Após a conclusão das diligências, o CARF terá que se posicionar sobre questão bastante controvertida na jurisprudência administrativa fiscal: o conflito entre forma documental e essência econômica.

De um lado, está a exigência formal de registro na nota fiscal conforme IN SRF nº 51/78. Do outro, está o princípio de prevalência da essência sobre a forma, consagrado no Código Tributário Nacional e na doutrina contábil moderna.

A situação da concessionária é particularmente complexa porque:

  • Os descontos recebidos da FIAT são formalmente uma bonificação após a venda, não uma redução de preço na nota fiscal;
  • O padrão de mercado em concessões de veículos envolve mecanismos de incentivo pós-venda (desempenho, volume, fidelização);
  • A Lei nº 10.485/2002 reconhece a possibilidade de deduções análogas em situações de intermediação de venda por concessionárias.

Impacto Prático para Concessionárias e Fabricantes

Esta decisão processual (ainda que não de mérito) é significativa para o setor de comércio de automóveis. A conversão em diligência demonstra que o CARF não descarta a possibilidade de reconhecer os descontos da fabricante, desde que devidamente comprovados.

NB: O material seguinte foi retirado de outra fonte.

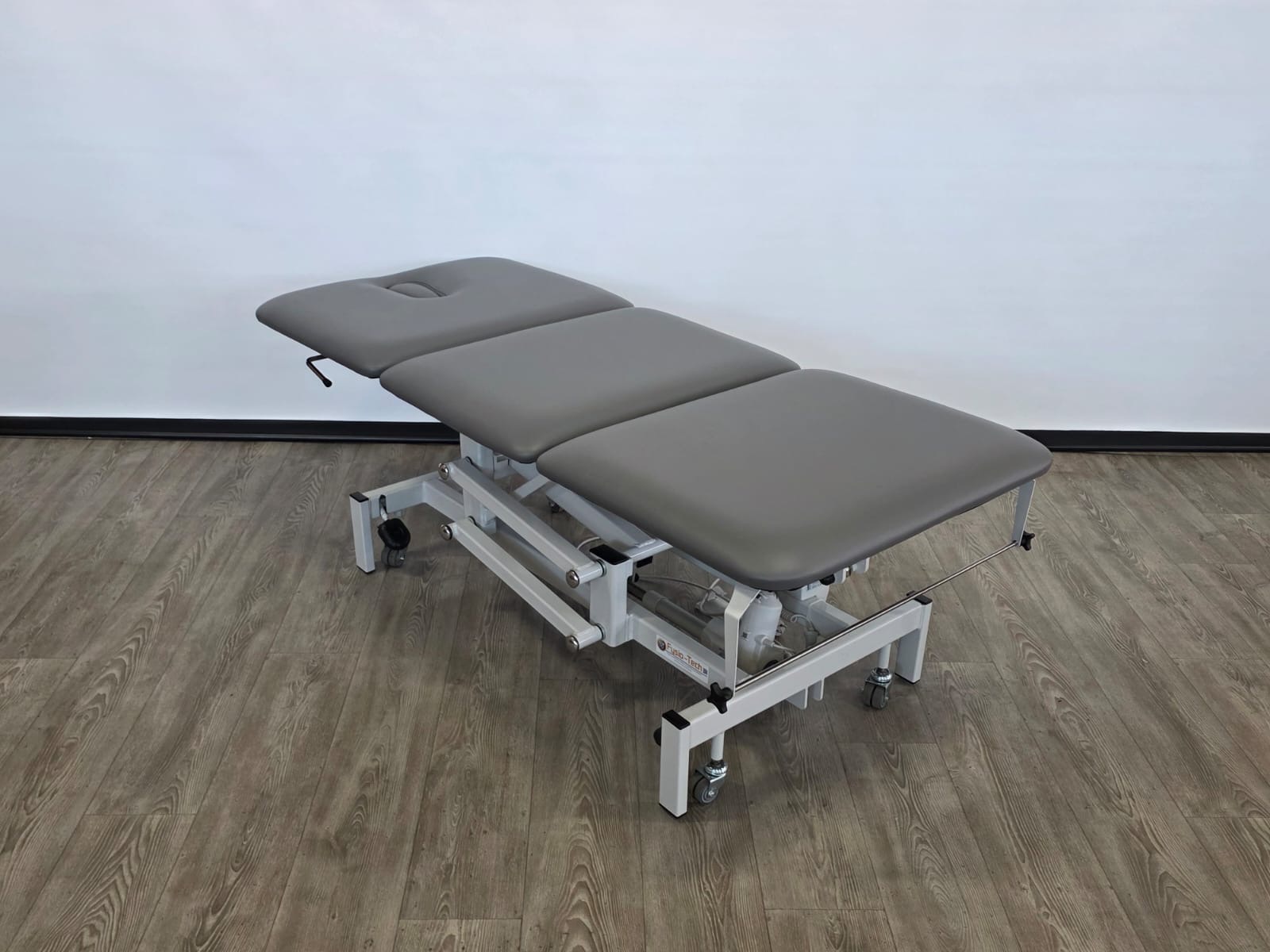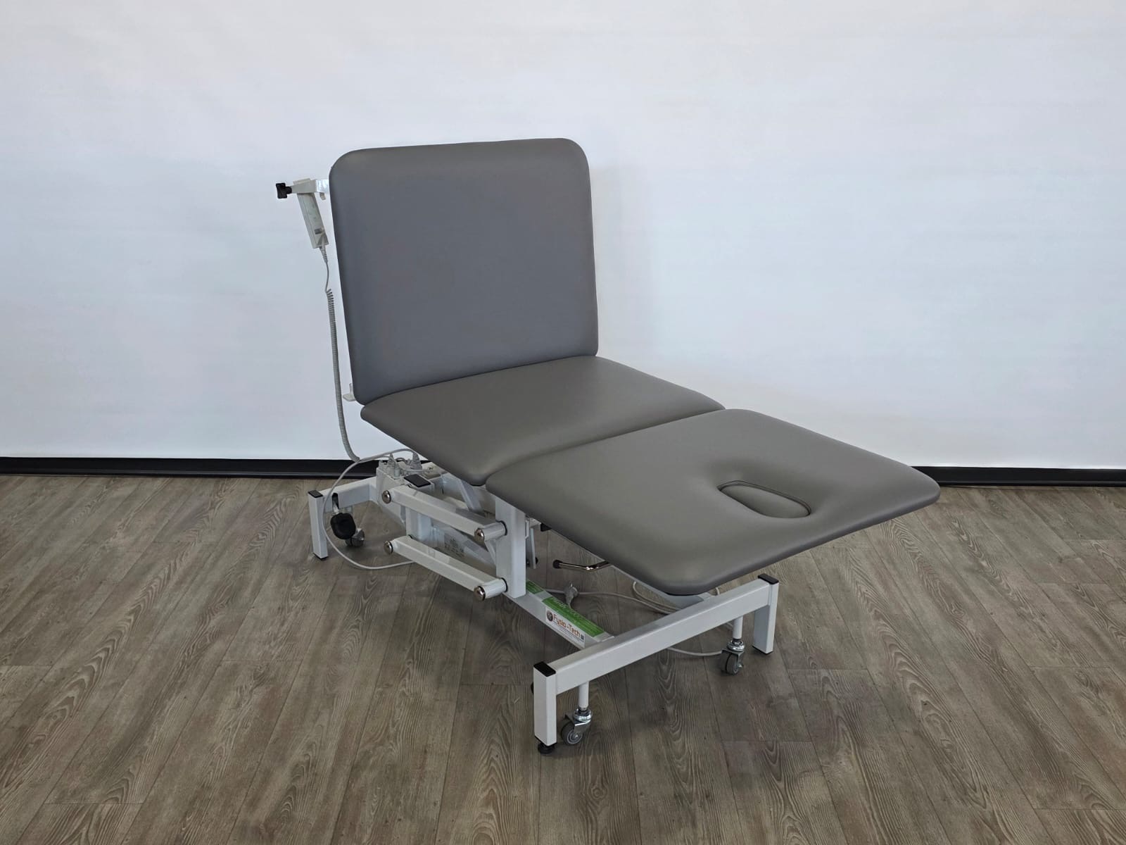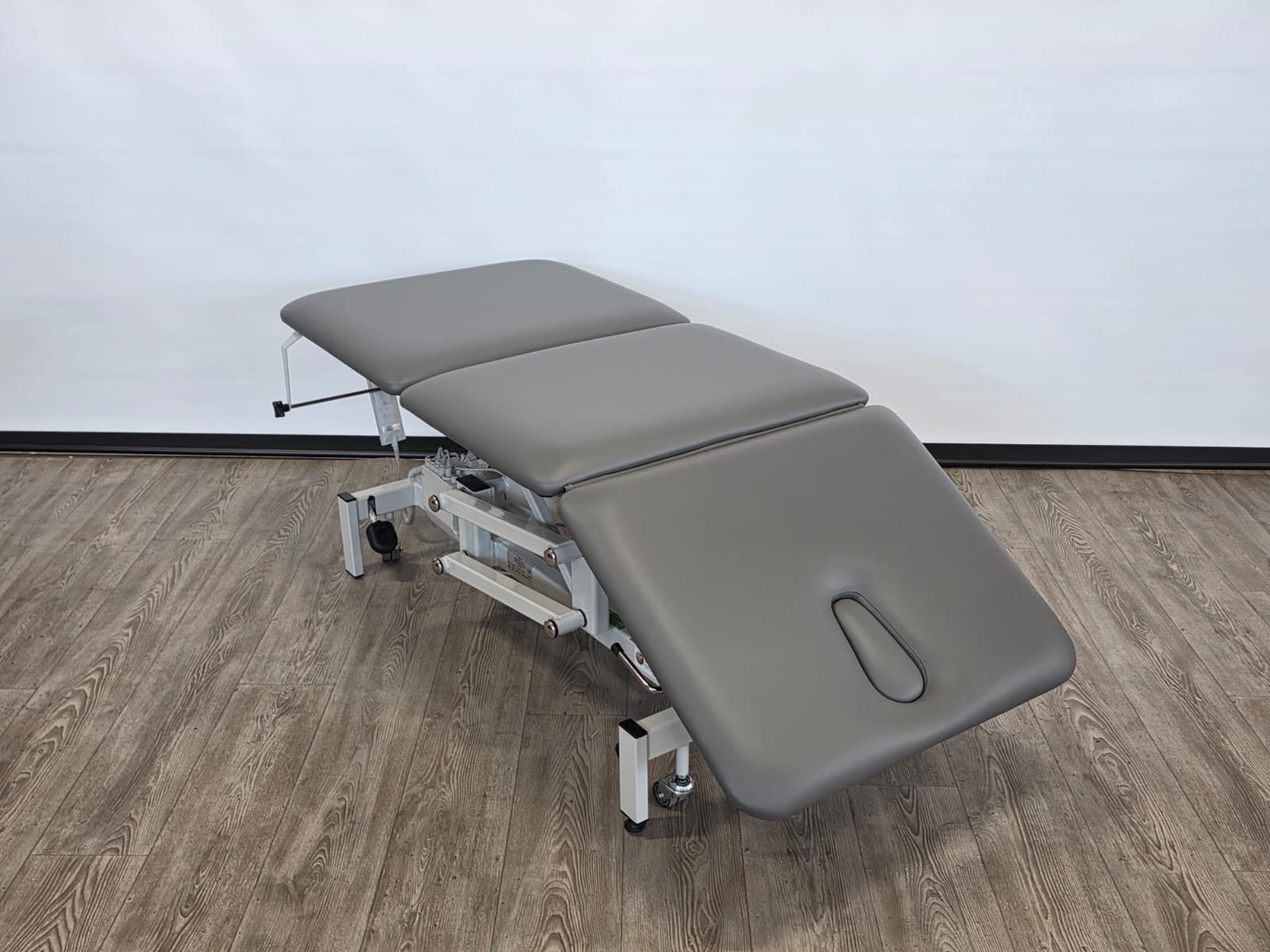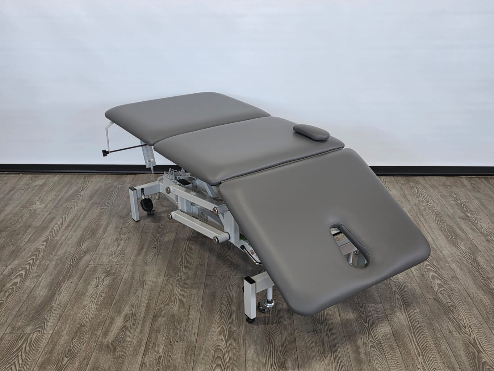 Deze behandeltafel is elektrisch in hoogte verstelbaar door middel van handschakelaar. Door een tweede motor is het hoofddeel ook elektrisch verstelbaar.

Para concessionárias e revendedoras autorizadas, algumas recomendações práticas:

  • Documentação: Mantenha registros completos de todas as bonificações, descontos e incentivos recebidos da fabricante, com cópias de contratos e comunicações;
  • Contabilização: Considere o registro explícito dos descontos nos documentos fiscais (notas de débito/crédito, memorandos), seguindo a IN SRF nº 51/78;
  • Assessoria especializada: Consulte assessor fiscal antes de deduzir grandes valores de descontos não registrados em nota, especialmente se sujeito a fiscalização de período anterior;
  • Estruturação: Se receber bonificações regulares, estruture contratos formais que evidenciem a natureza da operação (serviço de intermediação, desempenho de vendas, etc.).

Conclusão

O CARF converteu em diligência o recurso da Bali Brasília Automóveis, suspendendo o julgamento de mérito até que novos esclarecimentos sejam obtidos sobre as operações comerciais, registros contábeis e fiscais envolvidos. A decisão unânime indica que a Turma Extraordinária reconhece a necessidade de investigação mais profunda antes de se posicionar sobre a dedutibilidade dos descontos da FIAT.

A matéria envolve tensão entre formalismo fiscal (exigência de registro em nota) e essencialismo econômico (natureza real da operação), questão de relevância para todo o setor de intermediação e comércio de automóveis. O resultado das diligências e a sentença subsequente deverão trazer maior clareza sobre como o CARF equilibra essas exigências nas operações de concessionárias.